AAR, Unions Spar Over Brake Inspection Waiver

The railroad industry is pushing the Federal Railroad Administration to allow unit freight trains to travel up to 2,600 miles between air brake inspections.

FRABut the proposal being pushed by the Association of American Railroads is being resisted by the Brotherhood of Locomotive Engineers and Trainmen.

The AAR wants the FRA grant a waiver so railroads can check if wheel temperature detectors can replace a mandatory visual inspection.

The pilot program would be undertaken on the Union Pacific on coal trains operating between the Powder River Basin of Wyoming and an unloading terminal in White Bluff, Arkansas.

Under current federal law, the air brakes on a unit train must be inspected every 1,500 miles.

Wheel detectors measure temperature of the entire wheel and railroad industry officials argue that an abnormal wheel temperature reading is a more accurate measurement of whether the braking system is working.

They note that a visual inspection does not take temperature into consideration. Railroad hot box detectors measure the temperature of the wheel’s journal.
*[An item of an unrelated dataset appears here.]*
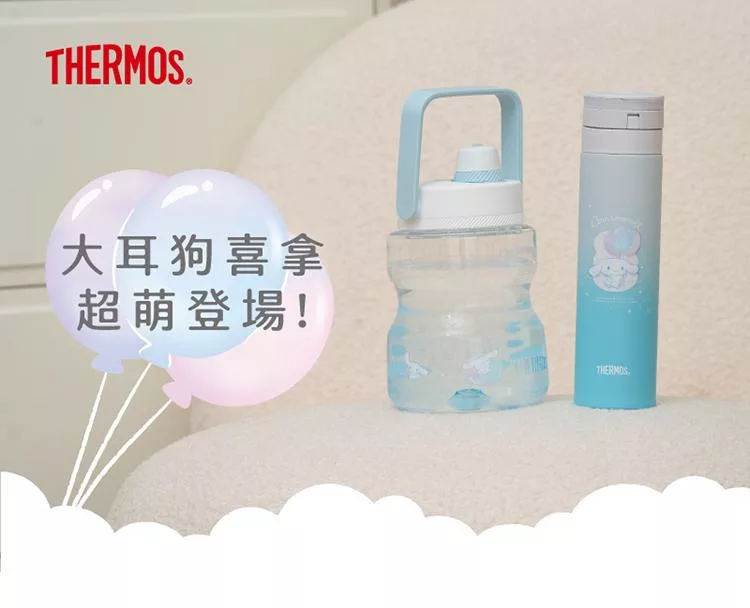 【THERMOS膳魔師】Hello Kitty 不鏽鋼可提式真空保溫瓶550ml(JOS-550KT-SS)(夏日貝殼篇)

AAR contends that relying on wheel temperature detectors will increase employee safety.

The BLET, though, counters that using wheel temperature detectors to replace visual brake
inspections is a poor use of the technology.

“BLET believes [temperature detectors] should be deployed in the field and utilized for their intended use of examining wheel temperature in between terminals. [Detectors] should not, however, be used as a pretext for dodging regulatory safety standards,” said Vincent G. Verna, BLET’s regulatory affairs director.

The Sheet Metal, Air, Rail, and Transportation Union, Transportation Division officials are also asking the FRA to deny the AAR’s request.

The FRA will be taking comments on the AAR proposal through Oct. 13. A decision is not expected for several months after that.